Rupertpenrysmistress · 10/05/2022 21:55
I understand counselling is tough. Have you ever had success resolving any issues with it? I am sure you know how bad alcohol is for your MH. I found I was short tempered and anxious when drinking so didn't have it in me to address any issues.
Since quitting I can see things alot more clearly. That way I guess counselling would perhaps be more effective as you would be truly present. You owe this to your children but you know that. This is what has encouraged me to stay sober.

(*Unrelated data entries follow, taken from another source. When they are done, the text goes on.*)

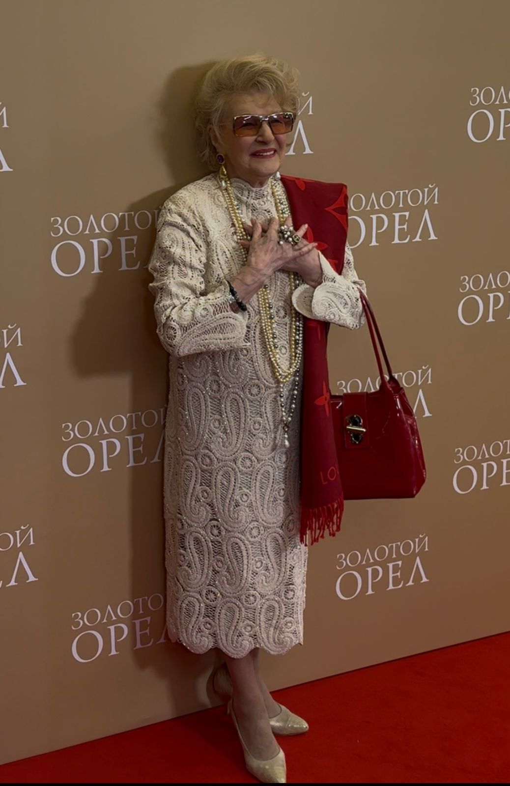 Для выхода актриса выбрала белое кружевное платье, дополнив его бордовым шарфом ЛуиВитон под тон сумочки, к слову не маленькой для таких случаев. А что, можно потом и в «Пятерочку» по дороге домой зайти и купить что-нибудь вкусное своему супругу легендарному кинооператору Анатолию Мукасею. Кто-то из журналистов даже успел спросить ее про отсутствие мужа, на что актриса ответила: «Толя в другом офисе». В пятницу в 20 часов? Вероятно, Светлана Дружинина слукавила, а Анатолий приболел и просто остался дома.
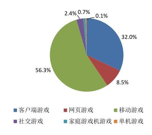 而在游戏市场实际销售收入中,移动游戏占比过半,达到56.3%,在网页游戏和客户端游戏用户开始下滑的同时,移动游戏用户规模仍然保持7.5%的增长,不过增速在持续下滑。
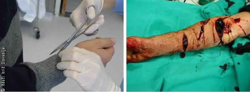 · zaustavitev krvavitve in ustrezna oskrba rane (krna);
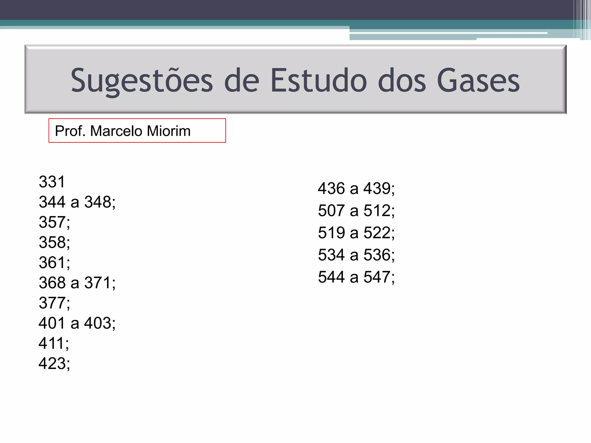Este documento fornece uma lista de páginas de um livro sobre gases, contendo números de páginas específicos para estudo. As páginas listadas contêm informações importantes sobre propriedades e comportamentos de gases.
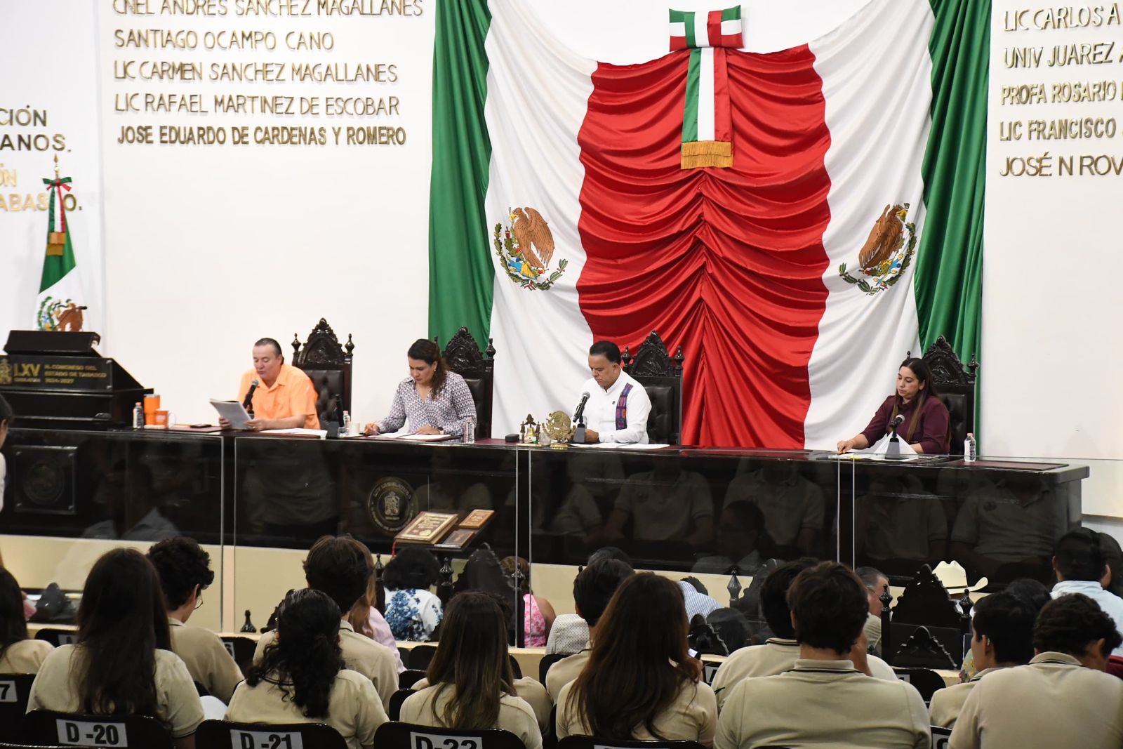 La sesión de este día fue presenciada por estudiantes de la Universidad “Más Educación y Enseñanza” (UMAEE), y por alumnos de preparatoria del Colegio Arjí, quienes, en apego a la materia de Política Global del Programa de Bachillerato Internacional, asistieron al Congreso del Estado de Tabasco a conocer su conformación y funcionamiento.
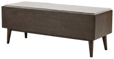 Style gets a practical upgrade with the two drawers of the Chetfield bench. The warm brown finish topped with a reversible cushion upholstered in gray fabric works in so many styles. Finished off with tapered legs and black-finish metal drawer pulls, this piece adds an efficient charm to your home.
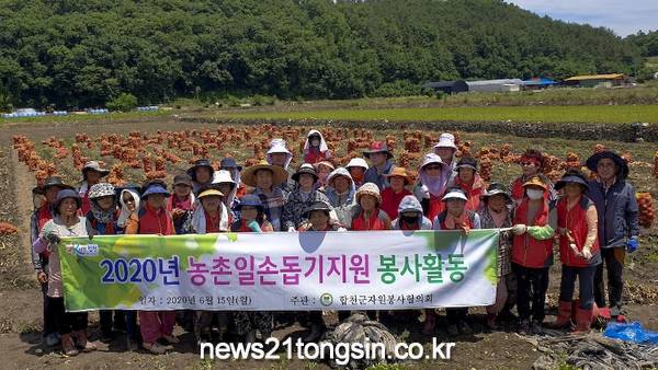 합천군자원봉사협의회(회장 이정임)는 지난 15일 이정임 회장과 회원 50명이 참여한 가운데 농협중앙회 합천군지부(지부장 류길년)와 함께 합천군 삼가면 인평마을에서 양파수확 일손돕기 봉사활동을 실시했다.
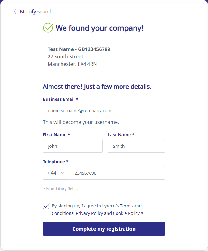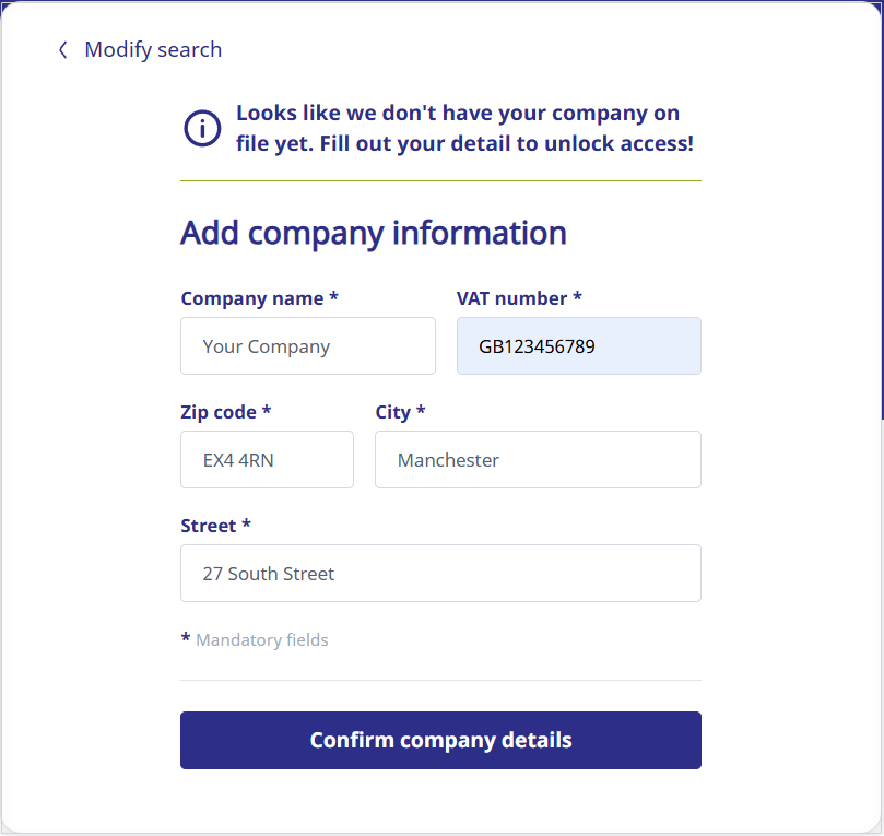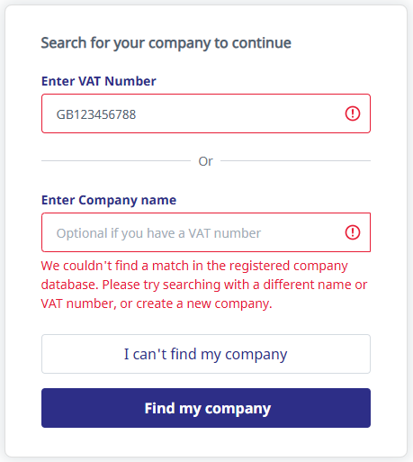 If your company isn’t found, select I can’t find my company to enter the details manually.

WTF475878237NC · 19/05/2022 01:56
Have you ever had EMDR with a clinical psychologist? It is effective for substance misuse difficulties. It involves processing the past without unpicking it in the way you do in traditional talking therapies. Some people find it more palatable especially where there has been past trauma
orion678 · 21/05/2022 07:24
I will look into this, thank you. A friend is having EMDR and finds it very effective, but somehow it didn't occur to me to look into this for myself!